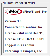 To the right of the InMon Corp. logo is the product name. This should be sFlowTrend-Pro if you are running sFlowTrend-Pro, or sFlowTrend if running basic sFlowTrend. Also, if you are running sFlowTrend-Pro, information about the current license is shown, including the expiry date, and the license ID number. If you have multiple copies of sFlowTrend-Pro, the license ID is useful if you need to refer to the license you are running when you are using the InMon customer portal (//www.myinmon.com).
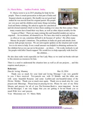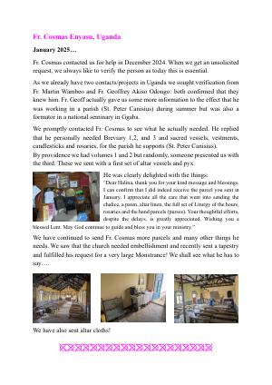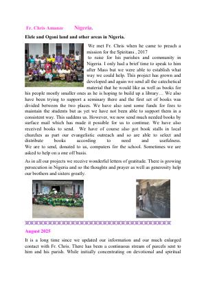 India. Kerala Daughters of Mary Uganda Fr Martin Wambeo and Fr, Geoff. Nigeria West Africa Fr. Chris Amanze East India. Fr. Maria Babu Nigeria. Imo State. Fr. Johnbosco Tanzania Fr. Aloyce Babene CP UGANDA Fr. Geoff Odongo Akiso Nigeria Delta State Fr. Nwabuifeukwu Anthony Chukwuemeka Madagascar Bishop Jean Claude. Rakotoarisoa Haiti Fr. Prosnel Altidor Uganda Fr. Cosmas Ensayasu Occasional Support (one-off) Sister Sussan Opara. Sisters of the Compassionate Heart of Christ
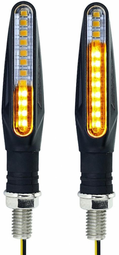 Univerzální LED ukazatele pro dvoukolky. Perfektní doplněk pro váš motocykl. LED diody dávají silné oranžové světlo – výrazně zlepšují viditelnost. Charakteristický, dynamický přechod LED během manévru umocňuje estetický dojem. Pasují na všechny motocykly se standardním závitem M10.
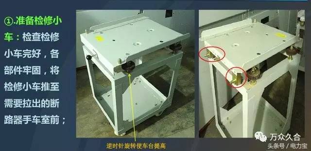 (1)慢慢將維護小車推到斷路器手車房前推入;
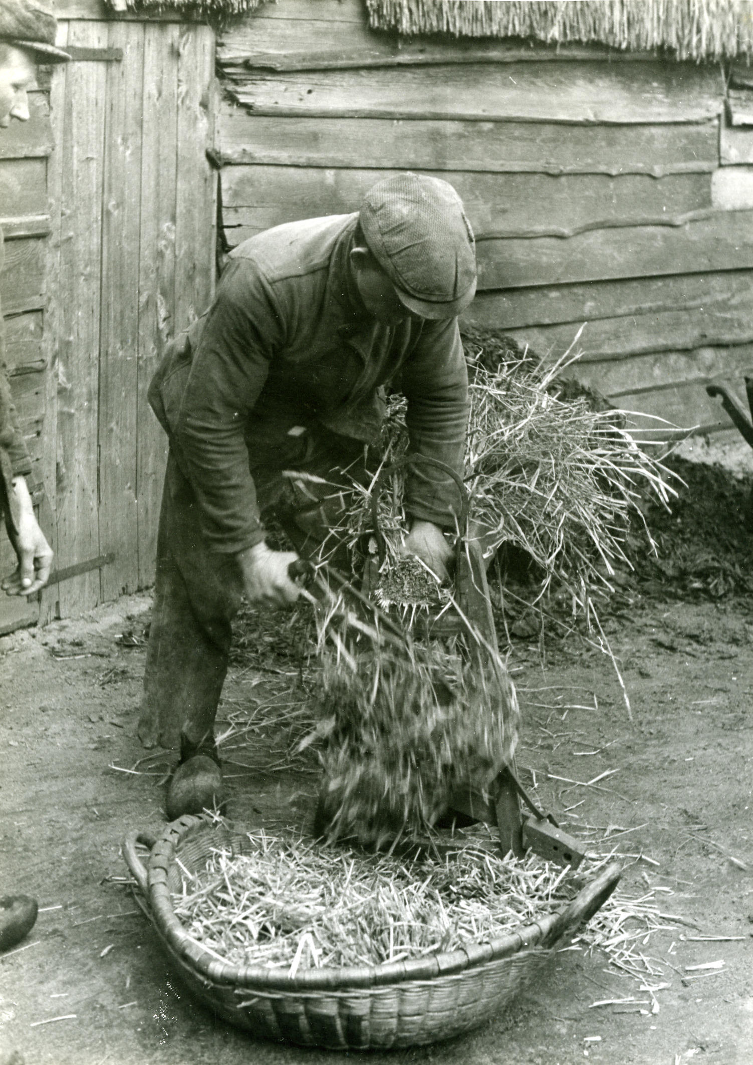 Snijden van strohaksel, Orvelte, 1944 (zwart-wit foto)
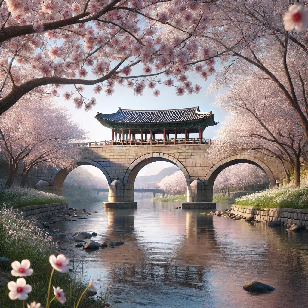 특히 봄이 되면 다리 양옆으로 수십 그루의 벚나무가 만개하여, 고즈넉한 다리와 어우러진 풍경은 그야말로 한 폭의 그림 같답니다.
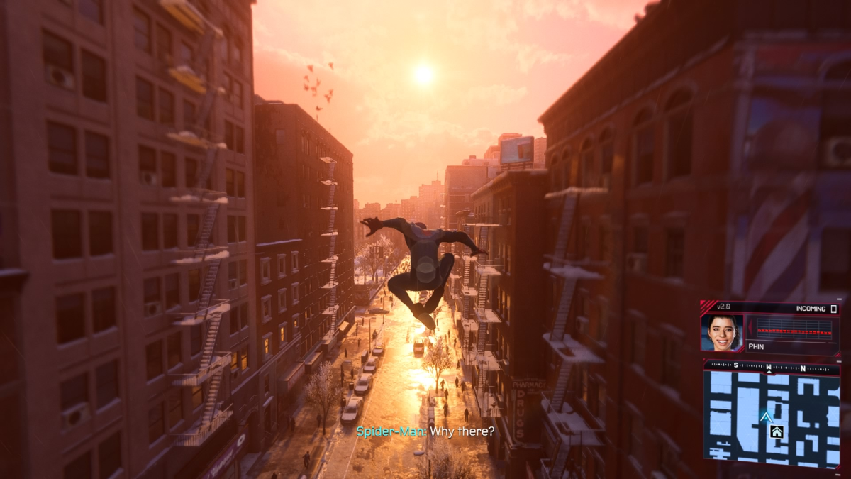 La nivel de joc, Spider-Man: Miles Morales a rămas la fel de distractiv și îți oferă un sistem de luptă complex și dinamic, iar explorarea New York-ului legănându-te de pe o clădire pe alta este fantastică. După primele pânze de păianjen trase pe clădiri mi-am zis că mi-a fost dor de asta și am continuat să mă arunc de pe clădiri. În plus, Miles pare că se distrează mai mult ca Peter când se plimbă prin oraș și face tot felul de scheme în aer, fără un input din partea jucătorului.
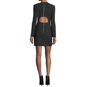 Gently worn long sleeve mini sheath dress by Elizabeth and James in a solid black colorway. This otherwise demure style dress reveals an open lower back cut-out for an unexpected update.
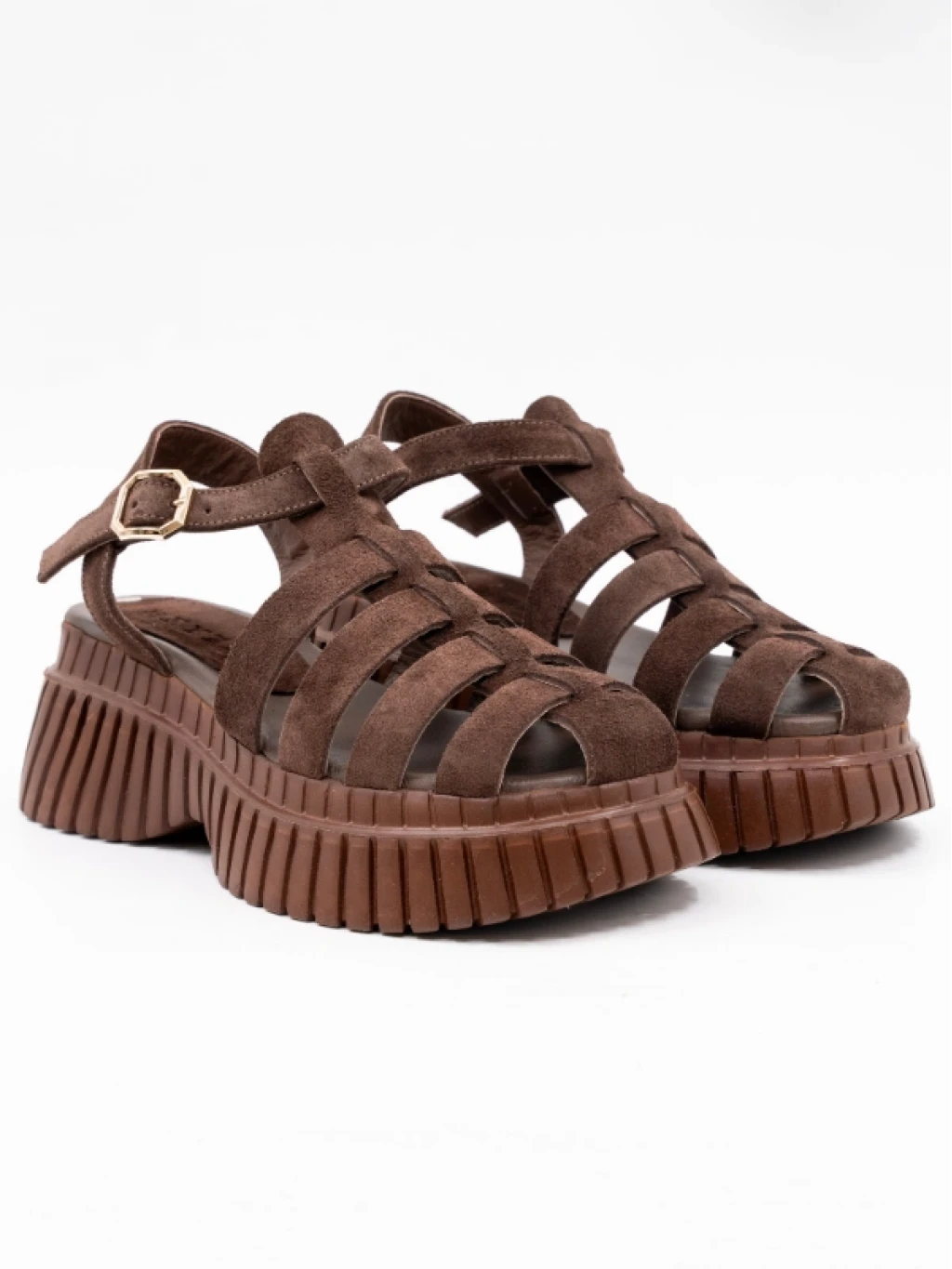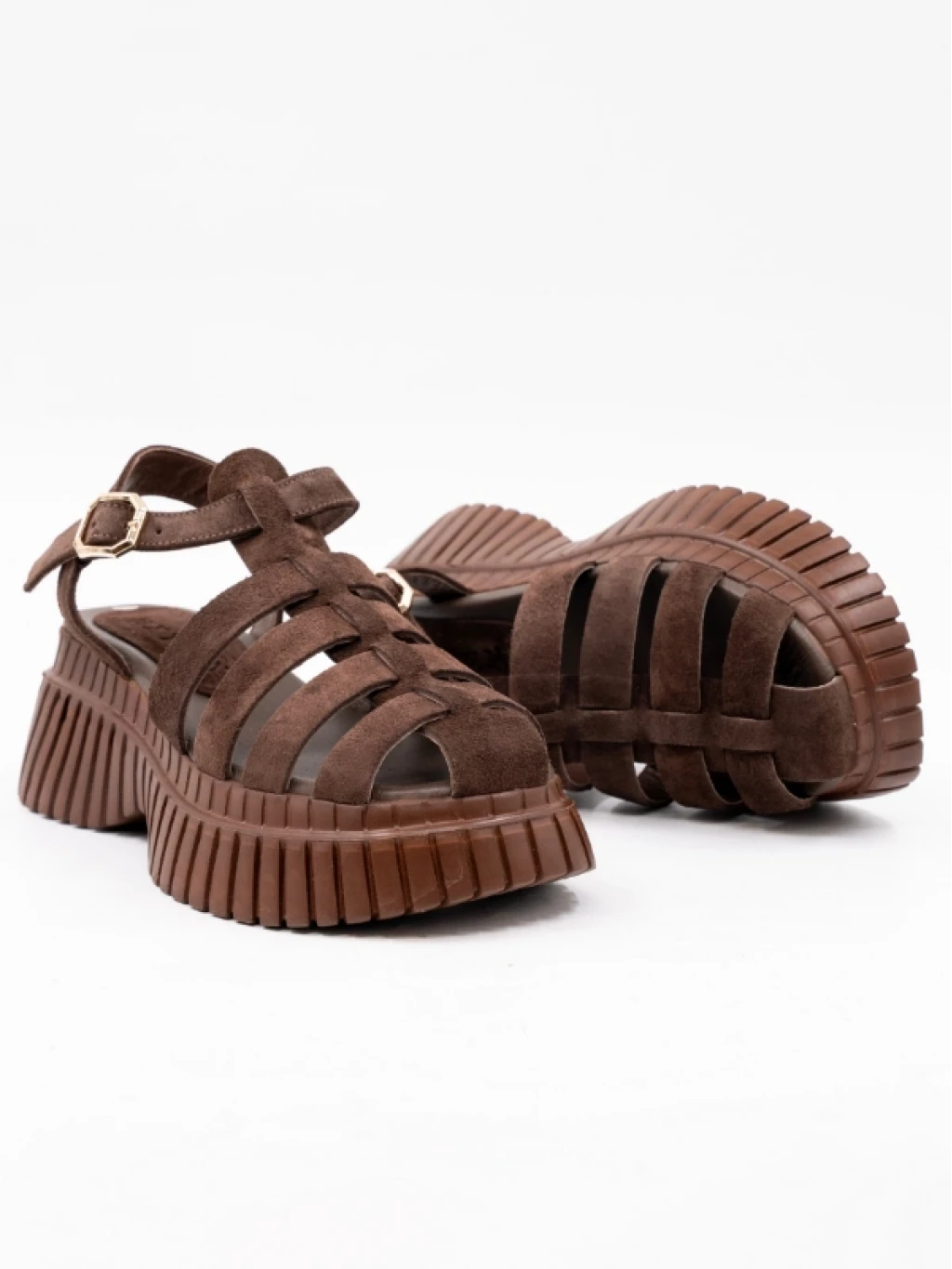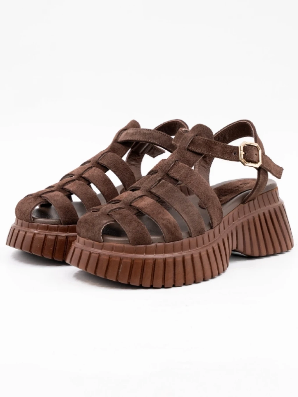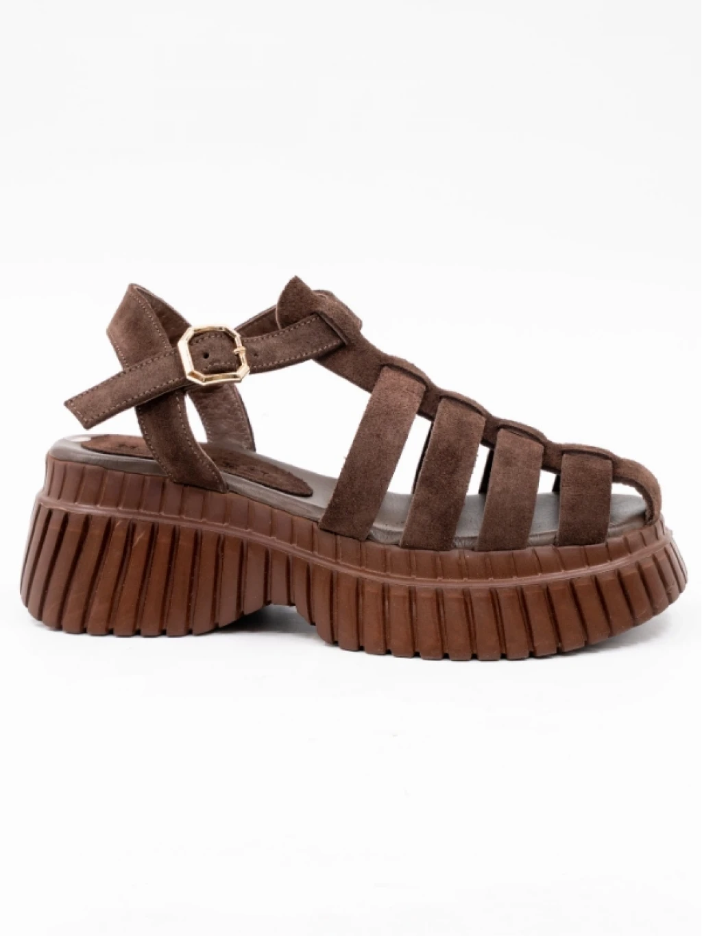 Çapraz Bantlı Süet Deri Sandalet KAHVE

######

The output should be the lines from the one with "India. Kerala Daughters" through the end of the material above, both ends included, printed exactly and nothing else. Drop the pictures.

 India. Kerala Daughters of Mary Uganda Fr Martin Wambeo and Fr, Geoff. Nigeria West Africa Fr. Chris Amanze East India. Fr. Maria Babu Nigeria. Imo State. Fr. Johnbosco Tanzania Fr. Aloyce Babene CP UGANDA Fr. Geoff Odongo Akiso Nigeria Delta State Fr. Nwabuifeukwu Anthony Chukwuemeka Madagascar Bishop Jean Claude. Rakotoarisoa Haiti Fr. Prosnel Altidor Uganda Fr. Cosmas Ensayasu Occasional Support (one-off) Sister Sussan Opara. Sisters of the Compassionate Heart of Christ
 Univerzální LED ukazatele pro dvoukolky. Perfektní doplněk pro váš motocykl. LED diody dávají silné oranžové světlo – výrazně zlepšují viditelnost. Charakteristický, dynamický přechod LED během manévru umocňuje estetický dojem. Pasují na všechny motocykly se standardním závitem M10.
 (1)慢慢將維護小車推到斷路器手車房前推入;
 Snijden van strohaksel, Orvelte, 1944 (zwart-wit foto)
 특히 봄이 되면 다리 양옆으로 수십 그루의 벚나무가 만개하여, 고즈넉한 다리와 어우러진 풍경은 그야말로 한 폭의 그림 같답니다.
 La nivel de joc, Spider-Man: Miles Morales a rămas la fel de distractiv și îți oferă un sistem de luptă complex și dinamic, iar explorarea New York-ului legănându-te de pe o clădire pe alta este fantastică. După primele pânze de păianjen trase pe clădiri mi-am zis că mi-a fost dor de asta și am continuat să mă arunc de pe clădiri. În plus, Miles pare că se distrează mai mult ca Peter când se plimbă prin oraș și face tot felul de scheme în aer, fără un input din partea jucătorului.
 Gently worn long sleeve mini sheath dress by Elizabeth and James in a solid black colorway. This otherwise demure style dress reveals an open lower back cut-out for an unexpected update.
 Çapraz Bantlı Süet Deri Sandalet KAHVE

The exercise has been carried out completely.